Catherine Zeta Jones and Michael Douglas came up against the tabloid media at their wedding, as they had done on many occasions in the past.
The couple were chased by photographers outside court
In his judgement on the case, Mr Justice Lindsay spoke of "undisputed evidence" of press intrusion into their lives.
Even before a photographer sneaked into their wedding in 2000, to Catherine Zeta Jones and Michael Douglas were well aware of what the paparazzi were capable of.
Zeta Jones told the Hello! court case she was once scared by a photographer who jumped out of a doorway at night time to get a shot of her.
Another time, she crashed her car into a lamp post trying to escape from a paparazzo.
When she became pregnant with the couple's first child, Dylan, an assistant at her lawyer's office told a member of the press the news before the actress had even had a chance to tell her mother.
Then when Dylan was born in August 2000, some journalists posed as family members to sneak into the hospital.
Zeta Jones had to be covered by a sheet as she was wheeled out of the delivery room to avoid being photographed.
Soon after, Zeta Jones was driving her son in California when photographers for a British tabloid paper deliberately crashed into them.
Under Californian law, drivers have to get out of the car to exchange details.
She told the High Court: "They immediately jumped out of their car and took photographs of me looking furious at the side of the road.
It is easy to see, against such a background, how celebrities may become especially defensive
"They then published them in an article about me being consumed by road rage.
"This incident made me very angry."
The judge in the Hello! case, Mr Justice Lindsay, said: "It is easy to see, against such a background, how celebrities may become especially defensive."
So when they planned their wedding, they knew there would be strong press interest - and wanted to keep the paparazzi out.

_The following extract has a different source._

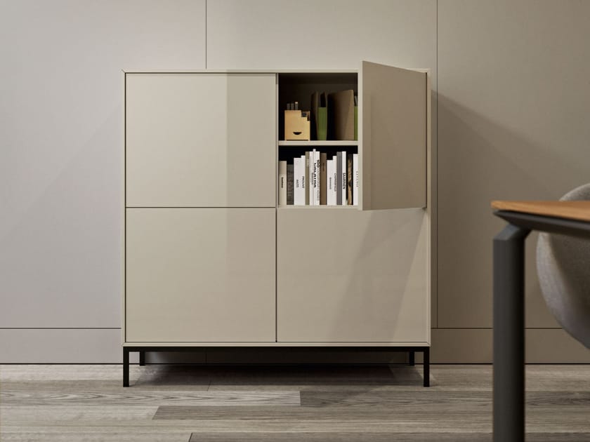 Quadra is a Crema 333 glossy lacquered sideboard resting on a base with black metal legs. The sideboard is available in three widths and two heights for total customization.
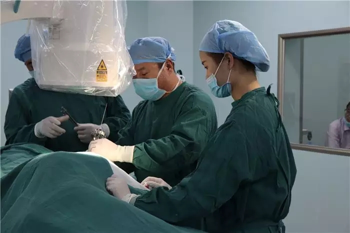 13:00時(shí),徐鑫一行來(lái)到病房,對(duì)即將接受手術(shù)的患者進(jìn)行術(shù)前評(píng)估,看過(guò)核磁共振和CT檢查資料,通過(guò)交流討論最終確定了手術(shù)方案。13:35分患者被推進(jìn)手術(shù)室,本次手術(shù)由徐鑫和阜康醫(yī)院骨科醫(yī)師李延軍共同完成。手術(shù)運(yùn)用BEIS技術(shù),在定位階段專(zhuān)家們多次透視確保儀器直達(dá)患處,以確保摘除髓核準(zhǔn)確無(wú)誤、減少患者創(chuàng)傷。髓核摘除后,患者疼痛麻木感隨即消失,手術(shù)圓滿(mǎn)成功,16:25分患者被推出手術(shù)室,專(zhuān)家嚴(yán)謹(jǐn)細(xì)致的作風(fēng)以及精湛的技術(shù)贏得醫(yī)務(wù)人員的掌聲。椎間孔鏡微創(chuàng)手術(shù)的重點(diǎn)在于透視定位,只有精準(zhǔn)定位才能保證準(zhǔn)確摘除髓核,減少患者疼痛與創(chuàng)傷。

They signed a £1m deal with OK! magazine for exclusive pictures, saying they thought this would make other publications lose interest.
But the preparations and big day itself in November 2000 were still surrounded by strict security.
They are one of the most photographed couples in the world
All suppliers and potential suppliers were made to sign confidentiality agreements and guests were due to be given the time and venue only at the last minute.
But one of the florists who unsuccessfully tendered for work revealed to the New York Post that the ceremony was to be held at the Plaza Hotel.
The day before the event, tickets were hand-delivered to guests staying in New York, and those not in the city received them by courier.
On the back of each ticket was an invisible ink code and design that only event planner Simone Martel Levinson knew.
As they entered the hotel, guests swapped this card for a gold wedding pin designed by the couple and which had been kept secret.
Those arriving were also told to leave cameras in the cloakroom.
Three private security guards patrolled the corridors, and the security bill came to more than $66,000 (£46,400).
Other hotel guests were kept well away and the wedding rooms were regularly "swept" until an hour before the ceremony to check for hidden sound or video recorders.
The New York Police Department and Fire Department were consulted, and technicians monitored the hotel's fire alarm throughout the event to make sure those inside would not be forced to evacuate.
Zeta Jones thought the security had been successful.
"We had managed to have a private wedding for our family and friends without suffering the intrusion of the media into our special day," she said.
But she was soon to discover that despite the security a paparazzo had infiltrated the event and sold the pictures to Hello!
Rupert Thorpe, son of former UK Liberal Party leader Jeremy, had taken pictures of the bride, the groom, the wedding dress and the cake.
It was cheap and tacky and everything I didn't want
When the official pictures were examined, a man in a dinner jacket was seen holding and tilting a small camera cupped in his hands below waist level.
He was thought to have been accompanied by his fiancée, but the official photograph did not show whether they wore the gold pins.
It is not known whether any other photographers got in but were unable to take pictures.
Mr Thorpe's images appeared in Hello! - as well as The Sun newspaper, which ran headlines like Catherine Eater Jones alongside a picture of the bride eating wedding cake.
"It was cheap and tacky and everything I didn't want to have shown as being part of my special day," she told the court.
"They were poor quality, sleazy, unflattering and looked like they had been stolen as indeed they had."